I just had this emailed to me .. I had a bit of a laugh .. I thought I'd share it
www.youtube.com
mrmarmalade
19-Dec-12, 13:53

A man goes to a psychiatrist. The doctor says, "You're crazy" The man says, "I want a second opinion!" "Okay, you're ugly too!"

-Henny Youngman
marcoporko
19-Dec-12, 15:13

nice one captain, so simple yet so funny
"Mom, can I have a puppy for X-mas?"

"No son, you will have turkey like all of us."
marcoporko
19-Dec-12, 15:18

Man goes to a witchdoctor and asks if he can take away his 25 year long spell.
Sure the witchdoctor says, but you have to tell me exactly how the spell went.

Man tells him: I herewith pronounce you husband and wife.

 
mrmarmalade
19-Dec-12, 15:37

What do you tell a woman with two black eyes?
Nothing, you already told her twice.

-Okay, I know, calm down everyone... It was just a joke; not condoning violence here, just think it's a pretty funny joke... settle down.
mrmarmalade
19-Dec-12, 15:45

How come you never give your wife a wristwatch?
'Cause there's a clock on the stove.
pennsylvaniadan
19-Dec-12, 17:25

Do you know what the 1st thing a dumb blonde says after sex? -- Are you guys all in the same band?
mrmarmalade
19-Dec-12, 17:36

Why woudn't the crab share his toys?
Because he was shellfish.

-Thank you, I'll be here all week.
sad_but_true
26-Dec-12, 15:33

Son:"Daddy, I fell in love & want to date this awesome girl!"

Father: "That's great son. Who is she?"

Son: "It's Sandra, the neighbor's daughter" ...

Father: "Ohhh I wish you hadn't said that.
I have to tell u something son, but you must promise not to tell your mother.
Sandra is actually your sister.
"The boy is naturally bummed out, but a couple of months later ...

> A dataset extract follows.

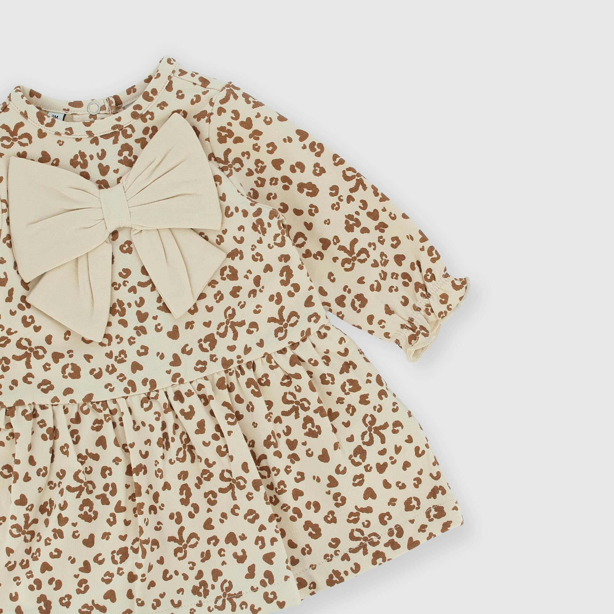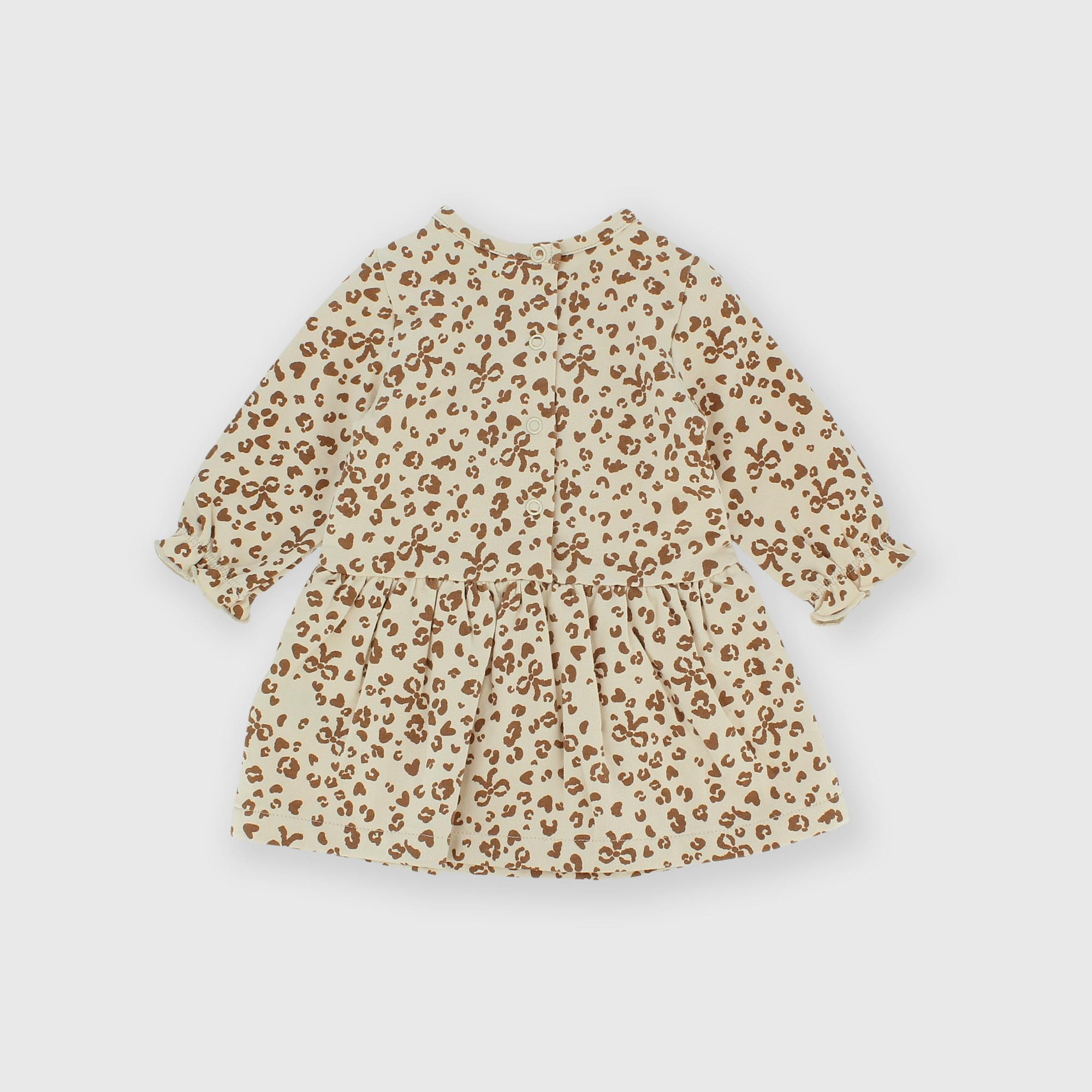 Vestido de felpa con cuello redondo y mangas largas. Cierre con broches a presión en la parte posterior. Estampado intergal animalier y adorno de lazo en la parte delantera. Volante en la parte inferior y puños elásticos con acabado punto bambola.

Son: "Daddy, I fell in love again n she is even hotter!"

Father: "That's great son. Who is she?"

Son: "It's Angela, the other neighbor's daughter."

Father: "Ohhhh I wish you hadn't said that.Angela is also your sister."
This went on couple of times and the son was so mad,
he went straight to his mother crying.

Son:"Mum I am so mad at dad! I fell in love with six girls but I can't date any of them because dad is their father!"

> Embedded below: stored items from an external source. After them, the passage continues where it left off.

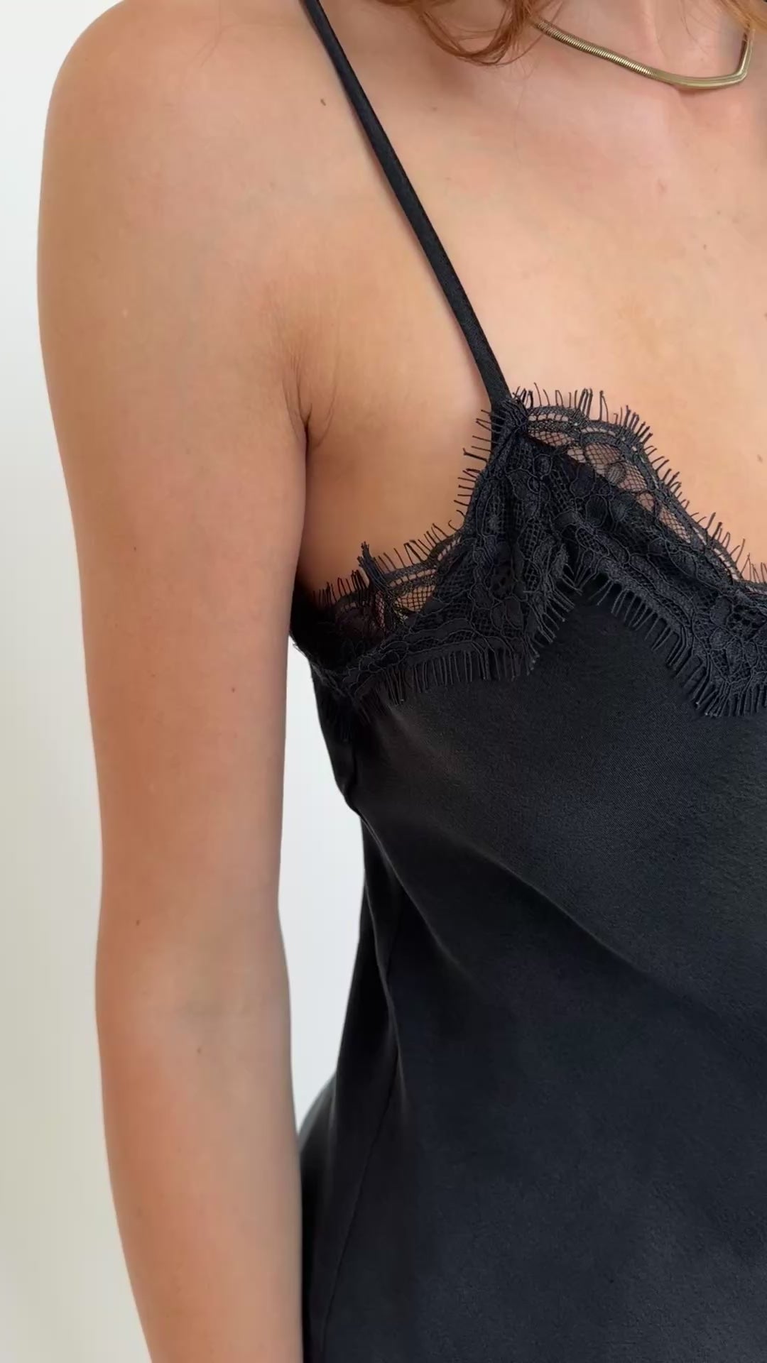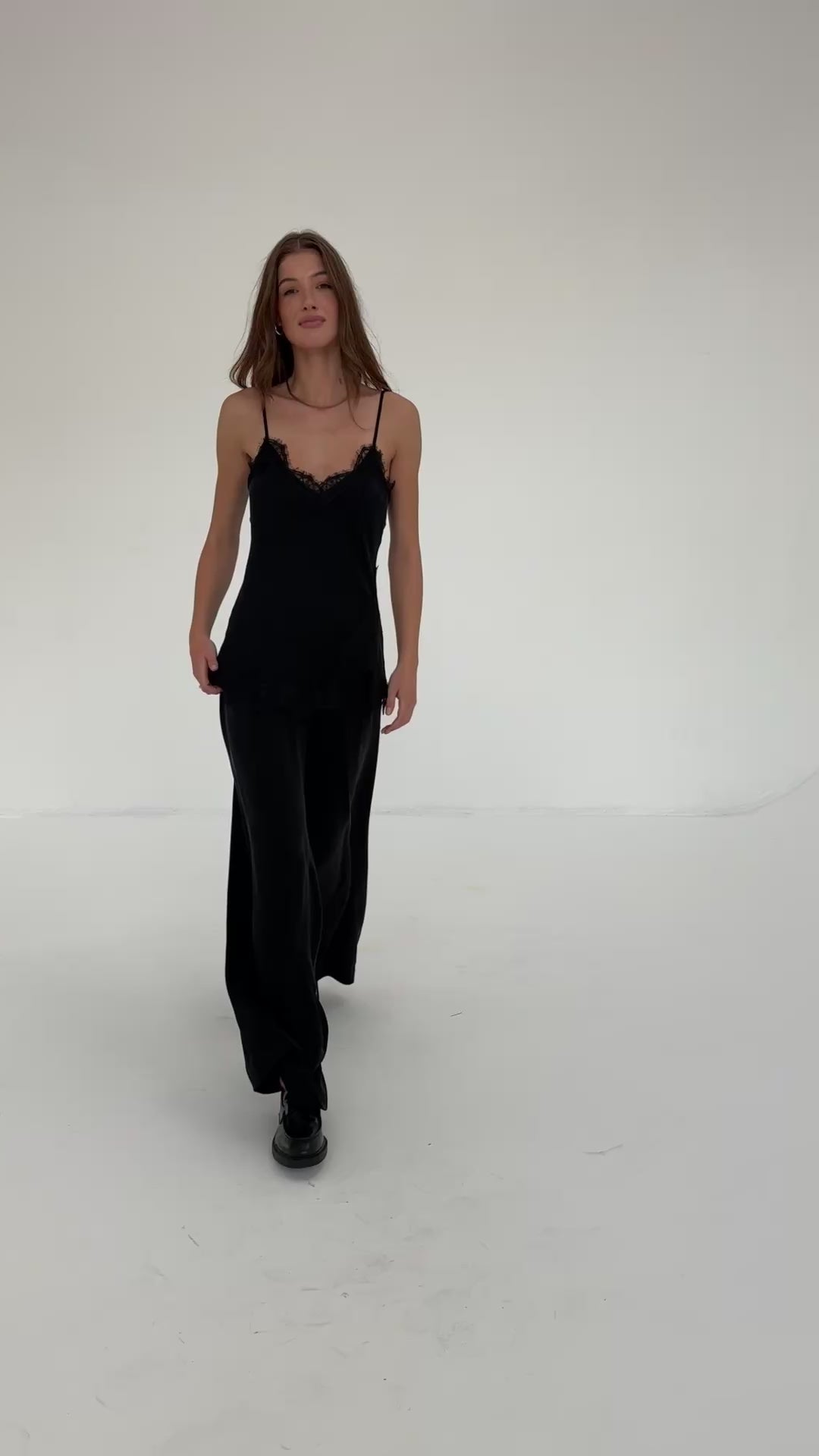 Koronkowy top Amy to kwintesencja kobiecości i subtelnej elegancji. Uszyty ze skosu z luksusowej tkaniny 100% cupro, delikatnie opływa sylwetkę i pięknie układa się na ciele. Ramiączka z metalowymi regulatorami umożliwiają idealne dopasowanie długości, a lekko wydłużony fason zapewnia efekt modnie wystającej koronki spod marynarki, swetra lub bluzy.
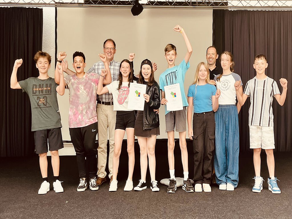 Die großen Heinzenwiesler ab Klasse 10 nehmen seit Jahren erfolgreich daran teil - an dem Wettbewerb „Mathe ohne Grenzen“, dem europäischen Mathe-Wettbewerb für ganze Schulklassen. Bei der Bearbeitung der Denksport- und Bastelaufgaben organisieren sich die Klassen selbstständig und müssen zusammenarbeiten. Nun waren bei „Mathe ohne Grenzen Junior“ auch die jüngeren Heinzenwieslerinnen und Heinzenwiesler erfolgreich. Die Klassen 6c und 6d teilen sich den ersten Platz punktgleich mit 98 %der möglichen Punkte. Die Klasse 6c konnte im Vorjahr als bisher einzige Klasse den Wettbewerb als fünfte Klasse gewinnen.
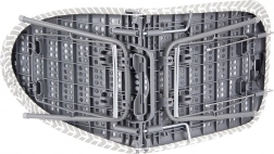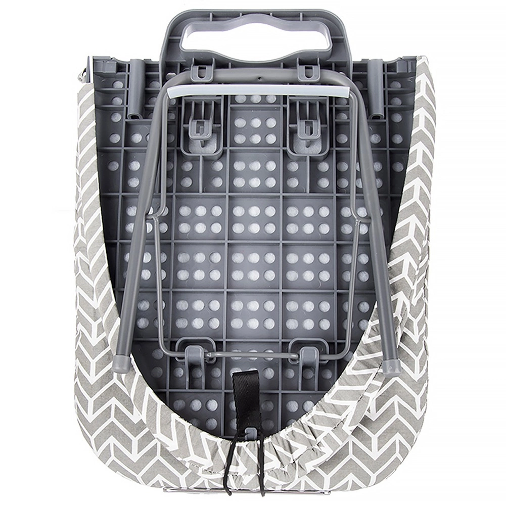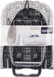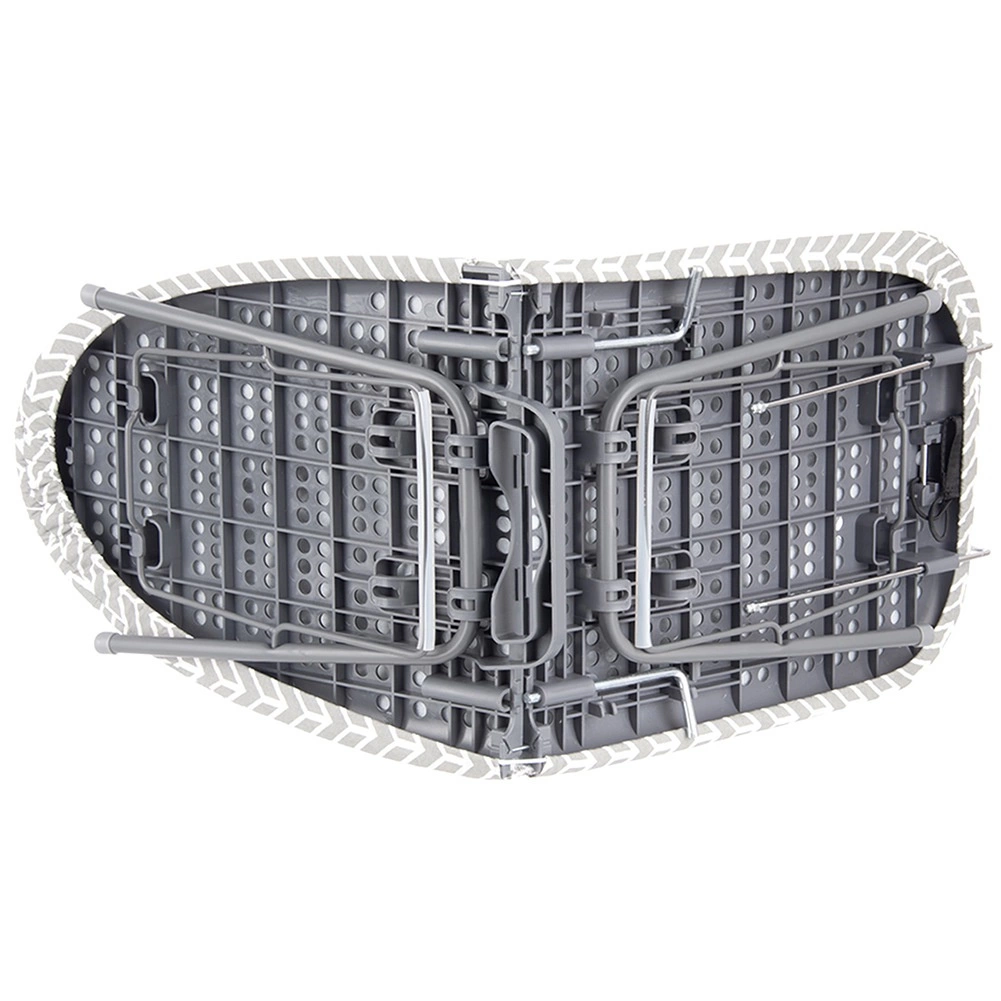Cadre métallique gris, pieds antidérapants et verrou de sécurité contre le repliement accidentel assurent un repassage sûr et confortable sur n’importe quelle table.

The Mother hugs him affectionately and says: "My love, you can date whoever you want. Dont listen to him He isn't your father."
chilliman
26-Dec-12, 15:54

why do husbands die before their wives?

because they want to
onepocket
27-Dec-12, 04:17

What's wrong when your wife keeps coming out of the kitchen to yell at you?

You made her chain too long.
marcoporko
27-Dec-12, 04:48

What do you do when your mother in law
Comes crawling into the living room?

Shoot again!
mrmarmalade
27-Dec-12, 05:25

Lol... All good ones.
onepocket
27-Dec-12, 08:52

How do you make 5 pounds of fat look good?

Put a nipple on it.
onepocket
27-Dec-12, 08:53

Why do women fake orgasms?

Because they think men care.
mrmarmalade
27-Dec-12, 08:55

O my... We are going down in flames...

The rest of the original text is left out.